*Task to carry out*
Each entry that follows is to be duplicated exactly, without its images.

*Data provided*
• • •

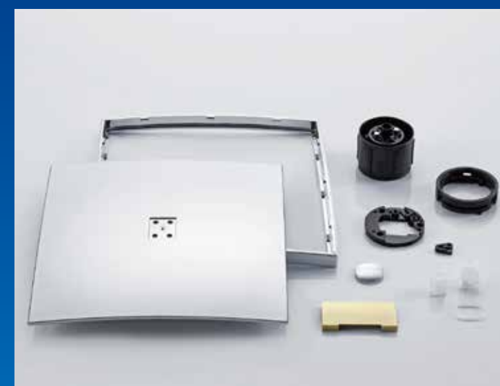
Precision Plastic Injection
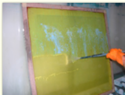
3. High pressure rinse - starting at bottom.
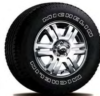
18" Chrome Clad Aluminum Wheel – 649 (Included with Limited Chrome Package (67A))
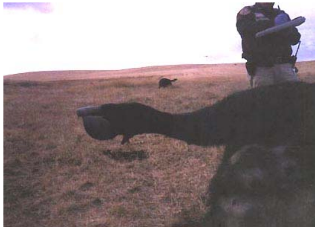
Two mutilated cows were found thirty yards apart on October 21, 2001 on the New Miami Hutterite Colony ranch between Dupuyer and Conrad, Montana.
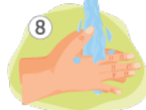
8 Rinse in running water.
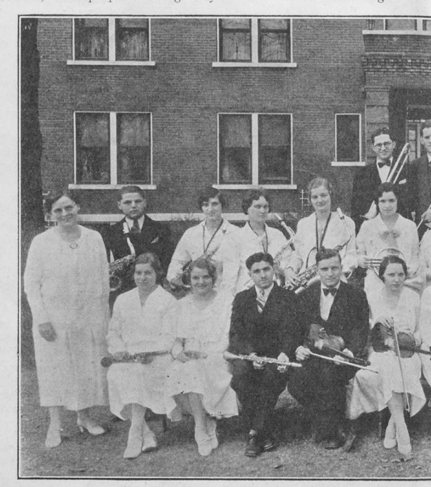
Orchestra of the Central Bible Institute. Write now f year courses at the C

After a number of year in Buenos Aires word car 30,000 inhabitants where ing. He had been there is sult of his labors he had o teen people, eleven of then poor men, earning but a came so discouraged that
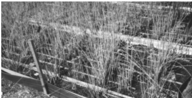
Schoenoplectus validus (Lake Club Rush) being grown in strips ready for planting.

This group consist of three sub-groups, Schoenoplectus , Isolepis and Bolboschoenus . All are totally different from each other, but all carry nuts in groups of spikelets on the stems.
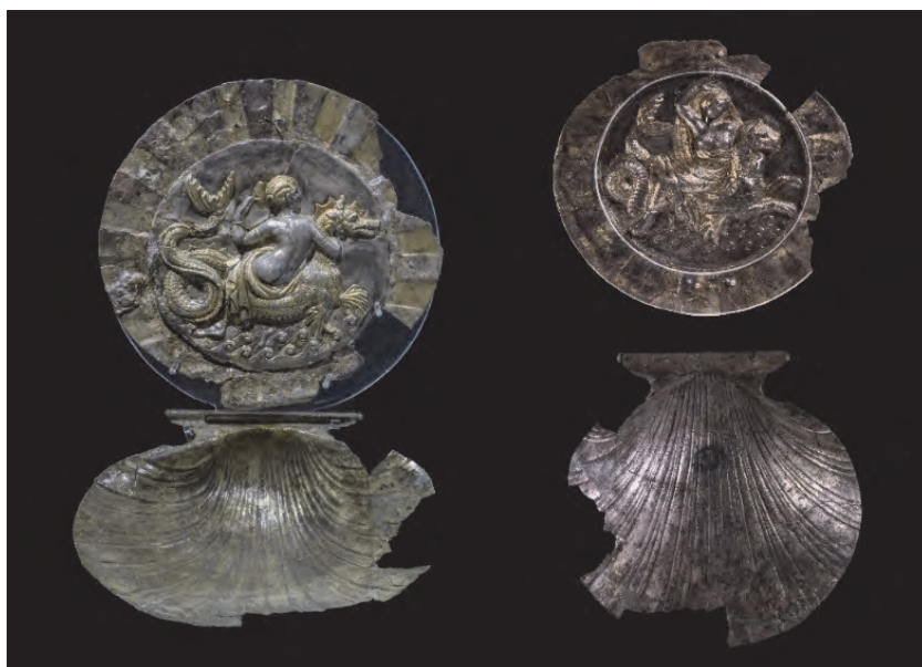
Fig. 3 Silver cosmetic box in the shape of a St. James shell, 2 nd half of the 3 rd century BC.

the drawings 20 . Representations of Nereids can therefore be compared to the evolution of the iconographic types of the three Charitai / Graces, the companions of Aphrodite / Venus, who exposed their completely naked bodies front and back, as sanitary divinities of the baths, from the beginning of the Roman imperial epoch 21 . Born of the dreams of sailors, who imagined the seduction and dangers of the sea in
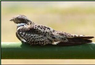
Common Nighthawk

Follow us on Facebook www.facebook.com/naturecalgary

• • •

*Finished exercise*
Precision Plastic Injection
3. High pressure rinse - starting at bottom.
18" Chrome Clad Aluminum Wheel – 649 (Included with Limited Chrome Package (67A))
Two mutilated cows were found thirty yards apart on October 21, 2001 on the New Miami Hutterite Colony ranch between Dupuyer and Conrad, Montana.
8 Rinse in running water.
Orchestra of the Central Bible Institute. Write now f year courses at the C

After a number of year in Buenos Aires word car 30,000 inhabitants where ing. He had been there is sult of his labors he had o teen people, eleven of then poor men, earning but a came so discouraged that
Schoenoplectus validus (Lake Club Rush) being grown in strips ready for planting.

This group consist of three sub-groups, Schoenoplectus , Isolepis and Bolboschoenus . All are totally different from each other, but all carry nuts in groups of spikelets on the stems.
Fig. 3 Silver cosmetic box in the shape of a St. James shell, 2 nd half of the 3 rd century BC.

the drawings 20 . Representations of Nereids can therefore be compared to the evolution of the iconographic types of the three Charitai / Graces, the companions of Aphrodite / Venus, who exposed their completely naked bodies front and back, as sanitary divinities of the baths, from the beginning of the Roman imperial epoch 21 . Born of the dreams of sailors, who imagined the seduction and dangers of the sea in
Common Nighthawk

Follow us on Facebook www.facebook.com/naturecalgary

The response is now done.